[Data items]
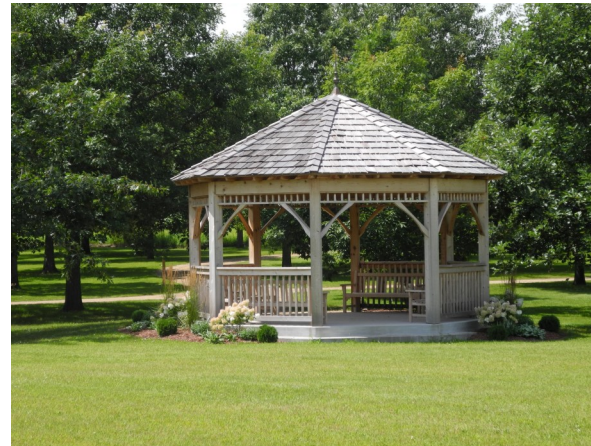
Gazebo—great location for ceremonies
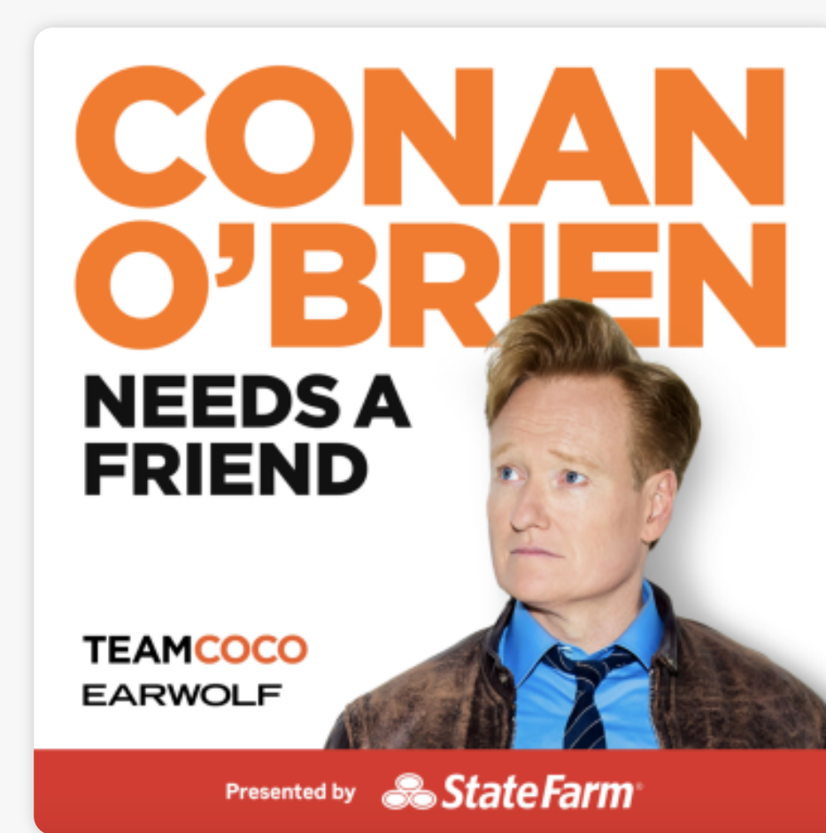
Conan O'Brien Needs a Friend Conan O'Brien
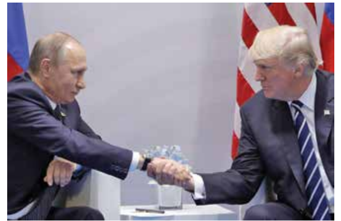
U.S. President Donald Trump shakes hands with Russian President Vladimir Putin during their bilateral meeting at the G20 summit in Hamburg

It said its initial funding came largely at the request of the former Senate leader Harry Reid, the Nevada Democrat long known for his enthusiasm for space phenomena. He was quoted as saying: "I'm not embarrassed or ashamed or sorry I got this thing going. I think it's one of the good things I did in my congressional service. I've done something that no one has done before." ( The Guardian )
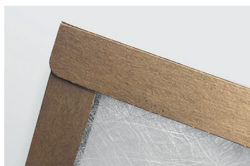
Close-up of channel frame

MANN+HUMMEL's SelectF air filters are cost-effective and efficient disposable panel filters. These filters were created specifically for commercial and industrial applications requiring a light-medium workload. The SelectF features a durable construction Kraft board channel frame. These easy-to-install filters are environmentally friendly and made in the USA.
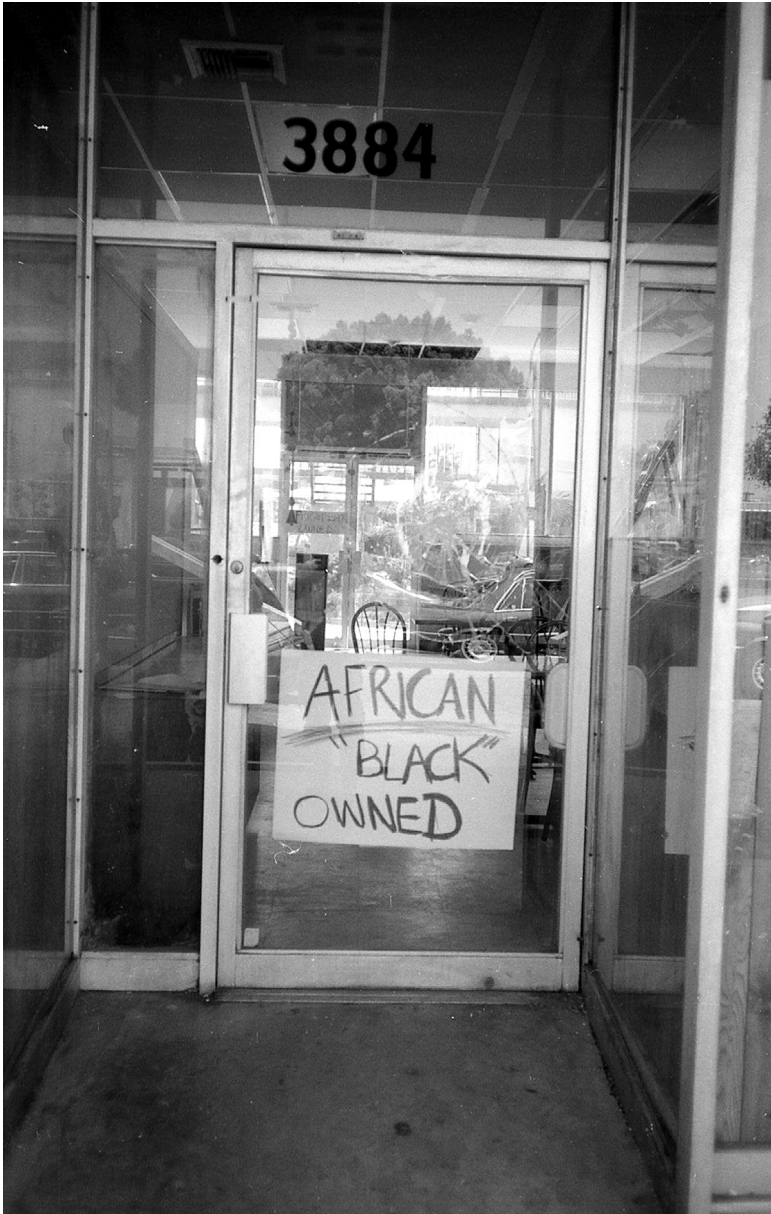
Variations of the phrase, "BLACK OWNED" appeared on businesses throughout L.A. Many non-blacks also wrote this on their stores hoping to save their businesses.

▸ **WHAT YOU SHOULD DO**
For the string "channel", filter the data and copy out each line where it occurs.

▸ **OUTPUT FOR THIS EXERCISE**
Close-up of channel frame
MANN+HUMMEL's SelectF air filters are cost-effective and efficient disposable panel filters. These filters were created specifically for commercial and industrial applications requiring a light-medium workload. The SelectF features a durable construction Kraft board channel frame. These easy-to-install filters are environmentally friendly and made in the USA.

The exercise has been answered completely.